Dermot Mac Murrough, King of Leinster, had his hopes fulfilled at last when, in May 1169, a small band of 30 knights and 360 soldiers landed quietly on Bannow Strand, in the south of Wexford.
The Knights – of Norman / Welsh extraction – were nearly all related to each other. It was something of a family adventure, the Irish undertaking; many had little to lose in Wales, and hoped to improve their individual lot in answering Dermot’s call for help.
The equipment, horses and armour and supplies, is hauled up on to the shore. The knights’ leader, Robert Fitzstephen, is seen being greeted by Dermot and his followers, they having rushed from Ferns to meet them.
The amorous flight of Dermot Mac Murrough, King of Leinster with Derborgilla, wife of his enemy Tiernan O’Rourke, King of Breffni, is depicted in this pane. Brehon Law, liberal but precise dictated that Dermot, for this impudence, would pay a fine of 100 ounces of gold to the injured husband. The fact that Dermot failed to comply possibly changed the course of Irish history.
The pair are seen galloping from the O’Rourke Castle in Roscommon to Dermot’s stone fortress in Ferns in Wexford.
Dervorgilla’s dowry, castle and household chattels accompanied them. Irish wives were entitled to remove their dowry should they decide to take leave of their husbands. In pursuit is the elderly Tiernan O’Rourke in a vain attempt to apprehend the pair, who are met at Ferns by Donal Kavanagh (Caomanac), Dermot’s eldest son. In the foreground is a ghost from the future, of Dermot’s daughter, the yet unborn Aoife, who, because of this event would find herself at fifteen the wife of one of the mighty Norman de Clares.

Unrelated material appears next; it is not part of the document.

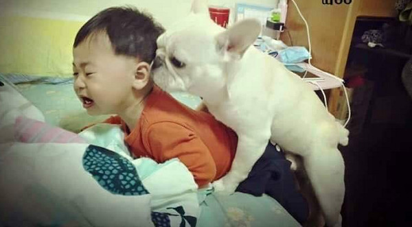 寶寶心裡苦,但寶寶選擇大聲說!日前有名網友分享一張爆笑照片,內容是有位萌娃被鬥牛犬抱住腰部,支撐不了狗狗的重量,趴在床邊崩潰大哭。由於1人1狗的姿勢引人遐想,讓千名網友看完紛紛歪樓直呼,「跪求番號啊!」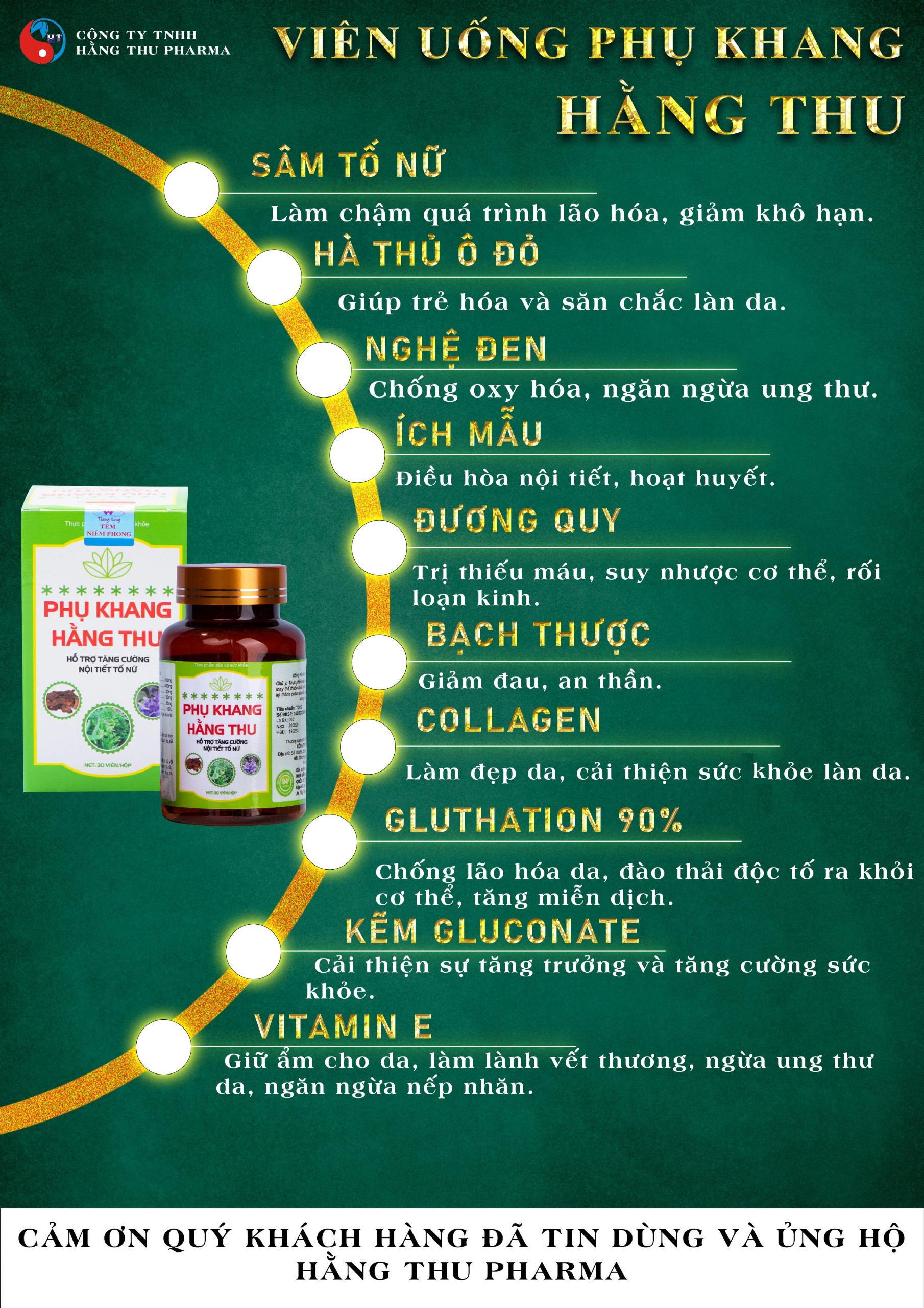 - Vitamin e: giữ ẩm cho da, làm lành vết thương, hỗ trợ ngừa ung thư da, nếp nhăn. Đối tượng sử dụng Viên uống Phụ Khang Hằng Thu: Phụ nữ tiền mãn kinh, suy giảm nội tiết. Người bị lão hóa da, sạm da, khô da. Cách dùng: ngày uống 2 – 3 viên. Ngày uống 2 – 3 lần, sau khi ăn 30 phút – 1 tiếng

From its foundation in 1207, the prosperous ville of Ros was protected from outside invaders by Leinster’s chief Gaelic family, decendants of Dermot MacMurrough and kinsmen of William Marshal, the town’s founder.
However, when trouble struck, it came from the Normans themselves. Walter de Burg waged war on Maurice FitzMaurice FitzGerald and fierce battles broke out in the streets among the protagonists. The outraged burgers decided to have a fosse thrown around the town to protect themselves. Hired help was slow so the burgers, guild by guild, took over the task of digging out a ditch 20 feet wide to stretch for a mile around the town. What drew the world’s attention to this feat was the fact that a young poet – whose interest in the display of the ladies of the town – who gallantly worked on the fosse on a Sunday – caused him to write in Old French – an account of the entire enterprise. The original document of the poem is extant and is housed in the British Museum where it has excited much interest.